How to tell my ego's got hold of my recovery

The following is not an exhaustive list, and context and positioning matter, so these aren't sure-fire signs that the ego is in charge, but they might be an indicator. All of these terms and ideas can be used legitimately, so it requires some self-examination to see whether the dynamic indicated is at play.

For a number of years, I got worse not better as I engaged in the type of discourse and perspective described below. Fortunately, I eventually broke down and adopted the different way offered by the AA Big Book. My ego naturally plays up on a daily basis, and will continue to do so for the rest of my life, but I'm now a little more aware of its operation, and I definitely know whose side I am on.

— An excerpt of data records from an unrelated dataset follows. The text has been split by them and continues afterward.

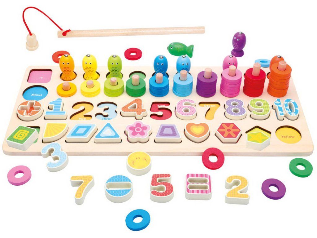 Barevná výuková deska s vícero aktivitami pro malé děti. Dítě se naučí rozpoznávat čísla, tvary a barvy. Hra je ideální pro koordinaci motoriky a pro trénování a posilování logického myšlení. Každé dítě si najde něco, co ho při hře bude bavit. Bude to snad magnetické rybaření, skládání čísel či stohování kroužků na sebe? Hra je vyvinuta s cílem podpořit zájem nejmenších o učení a učení přeměnit na zábavu. Vyrobeno se dřeva. Obsahuje celkem 90kusů.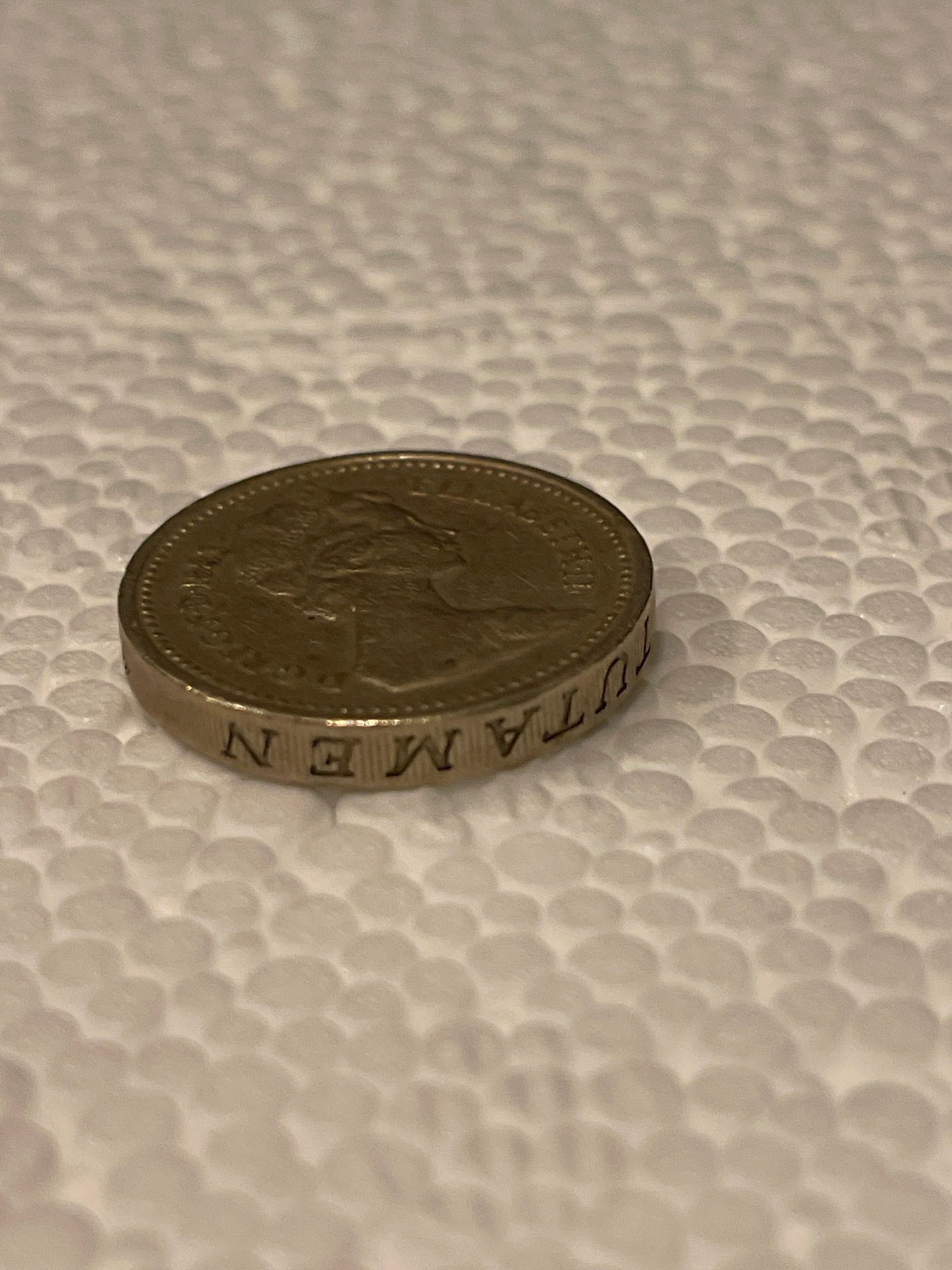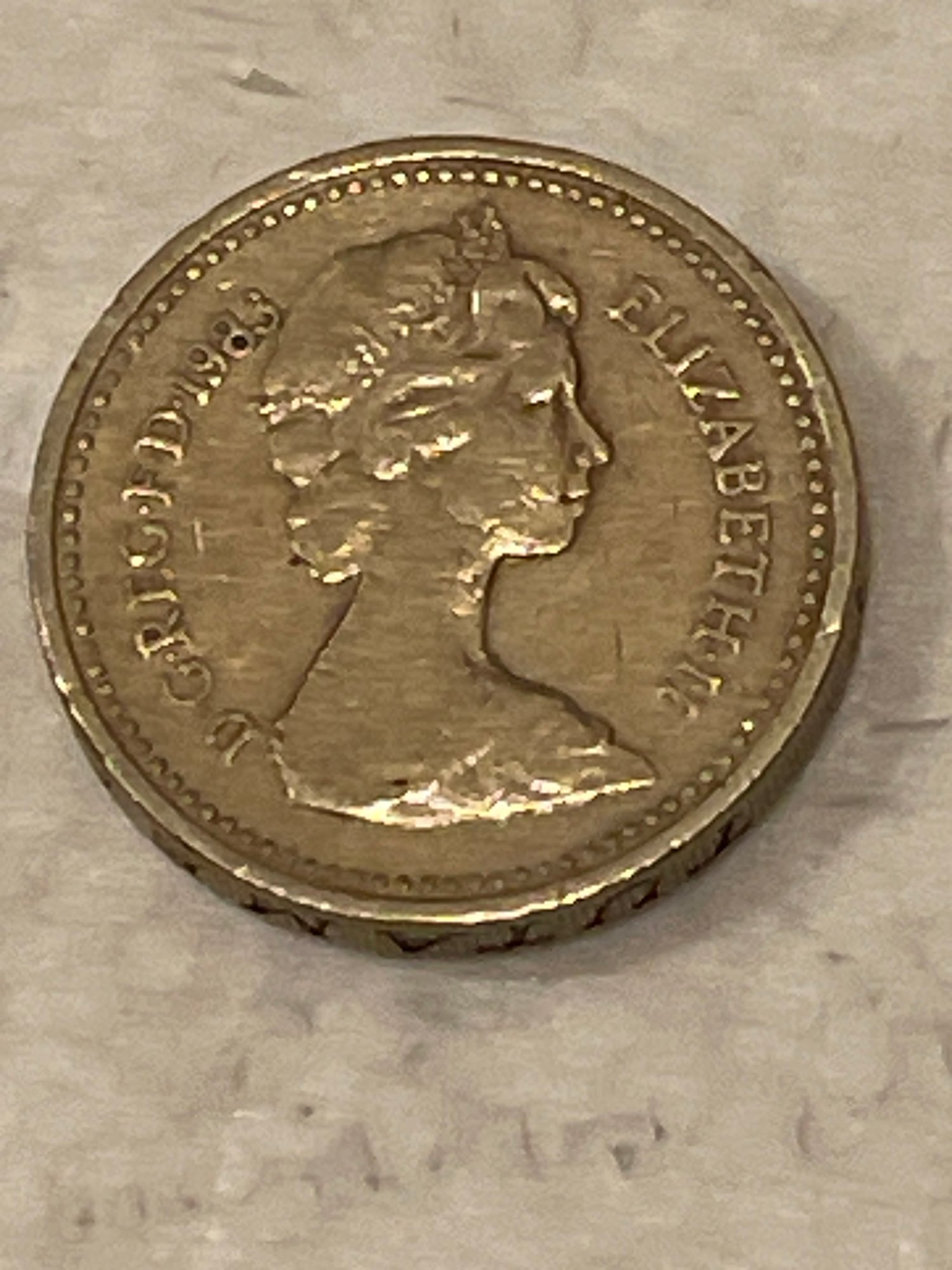 1983 One Pound coin error upside down rim Queen Elizabeth II rare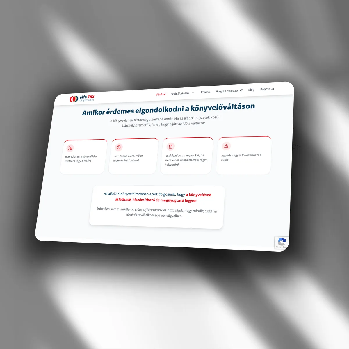 alfaTAX is an accounting office offering digital, paperless bookkeeping for companies, sole traders, and NGOs, operating nationwide online. They needed a website that differentiates them from the traditional accountant image.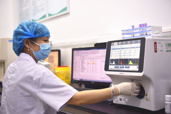 檢驗(yàn)人員正在對(duì)采集的血樣標(biāo)本進(jìn)行檢測(cè)。陶涵攝
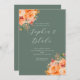 Pretty Orange Floral Elegant Green Wedding Invitation

Starting off the childhood narrative with clinical descriptions of family members (narcissistic, co-dependent): Firstly, the family background is largely irrelevant to my story, at least in an AA setting (the Al-Anon story is a different matter); many AA members grew up in regular families; many non-alcoholics grow up in unhappy families; many people who are not unhappy at all grow up in unhappy families. Secondly, the use of clinical or psychological terms dehumanises: the mother who is a worrier is far more human than the diagnosed co-dependent. Thirdly, this approach presents me as the clinician performing the psychological evaluation. They're in the petri dish, and I'm poking at them. My relationships with family members were at their worst when I adopted this position.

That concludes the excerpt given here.